INPUT DATA:
==========

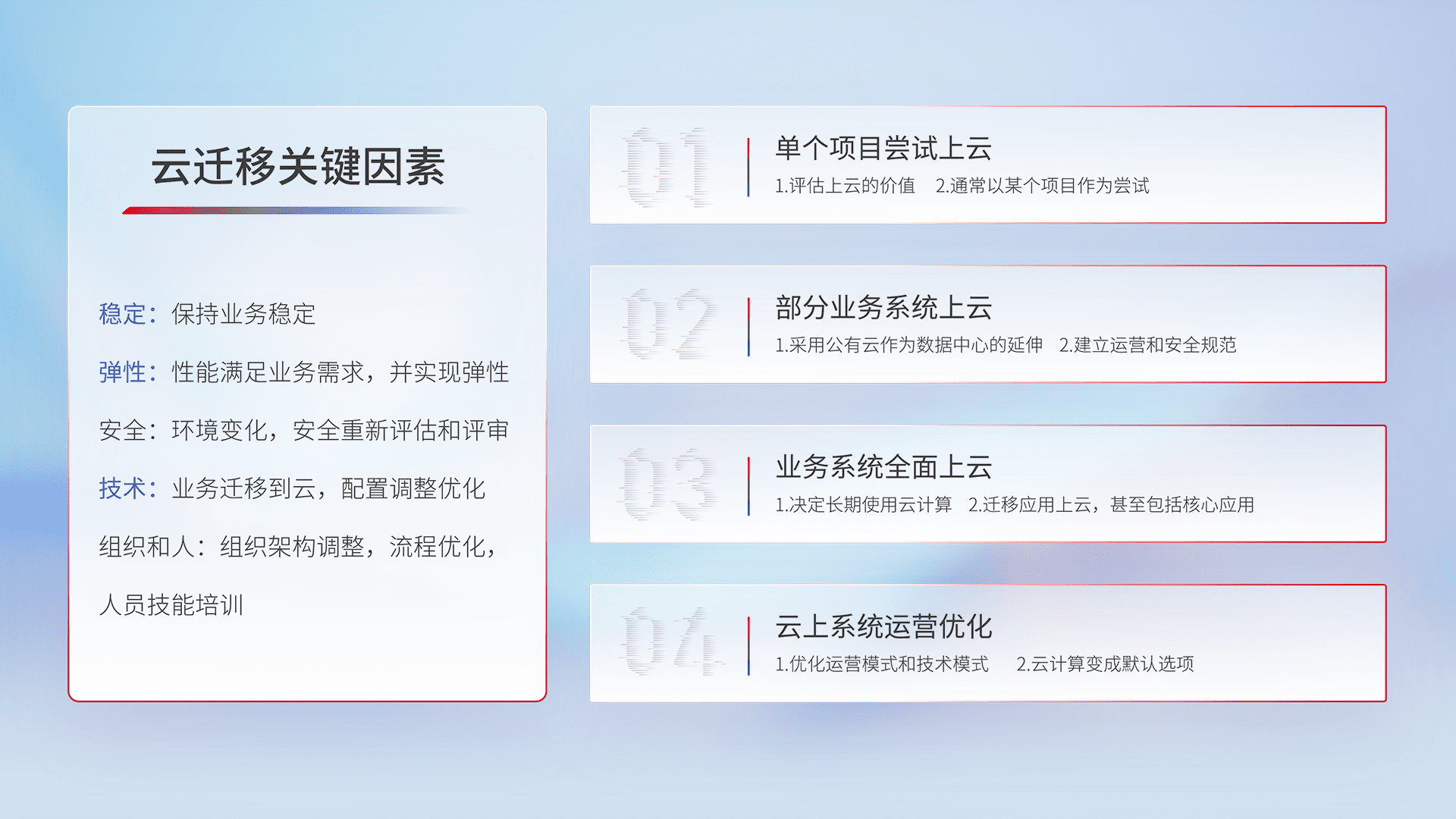 结合实际业务,,从规划设计、、、云平台选型、、、云原生改造、、数据迁移、、集成交付,,,,迁移全过程为客户识别最佳上云路径,,,做好风险识别管理,,设计网络架构、、、身份权限、、安全审计合规、、、操作审计、、、日志审计、、、监控告警策略、、多站点容灾设计等,,,对云上基础设施进行整体规划,,提升IT治理水平,,以满足弹性、、、高可用、、、、高性能的需求。。
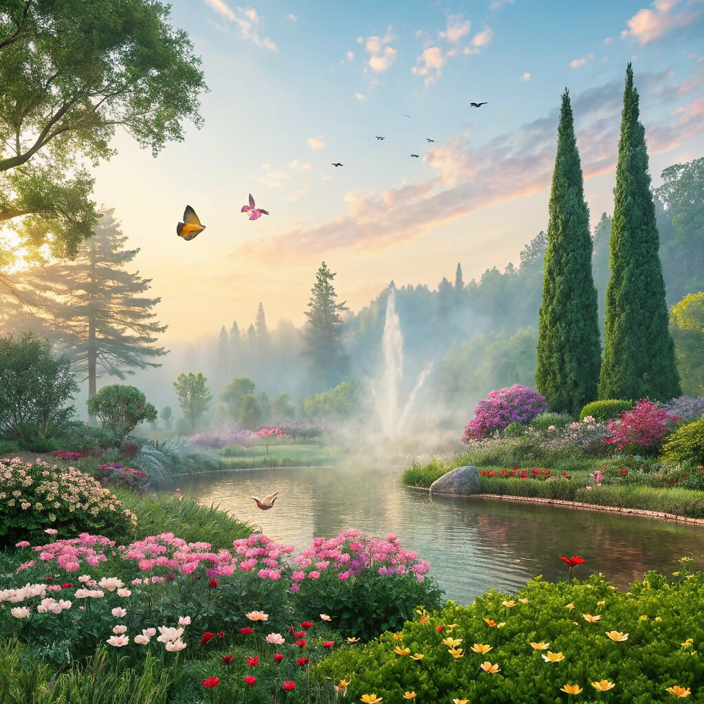 A serene, picturesque landscape unfolds at dawn. A tranquil lake, reflecting the soft morning light, winds through a meticulously maintained garden.
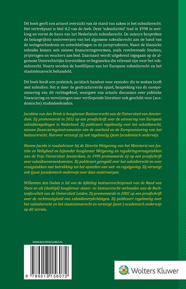 Deze derde druk is sterk in omvang toegenomen. Het handboek is volledig geactualiseerd. Er wordt ook ingegaan op de coronasteunmaatregelen. Deze uitgave bevat daarnaast een extra toevoeging waarin uitgebreid wordt ingegaan op de Europeanisering van subsidierecht. Subsidierecht biedt een praktisch en juridisch handvat voor zowel subsidieverstrekkers als -ontvangers en regelgevers, beleidsmakers en rechtsbijstandverleners.

==========

WHAT THE TASK ASKS: Each line from the one that holds "A serene, picturesque" through the end of the material should be repeated exactly, and nothing more. Leave out any picture.

RESULT OF THIS EXERCISE:
 A serene, picturesque landscape unfolds at dawn. A tranquil lake, reflecting the soft morning light, winds through a meticulously maintained garden.
 Deze derde druk is sterk in omvang toegenomen. Het handboek is volledig geactualiseerd. Er wordt ook ingegaan op de coronasteunmaatregelen. Deze uitgave bevat daarnaast een extra toevoeging waarin uitgebreid wordt ingegaan op de Europeanisering van subsidierecht. Subsidierecht biedt een praktisch en juridisch handvat voor zowel subsidieverstrekkers als -ontvangers en regelgevers, beleidsmakers en rechtsbijstandverleners.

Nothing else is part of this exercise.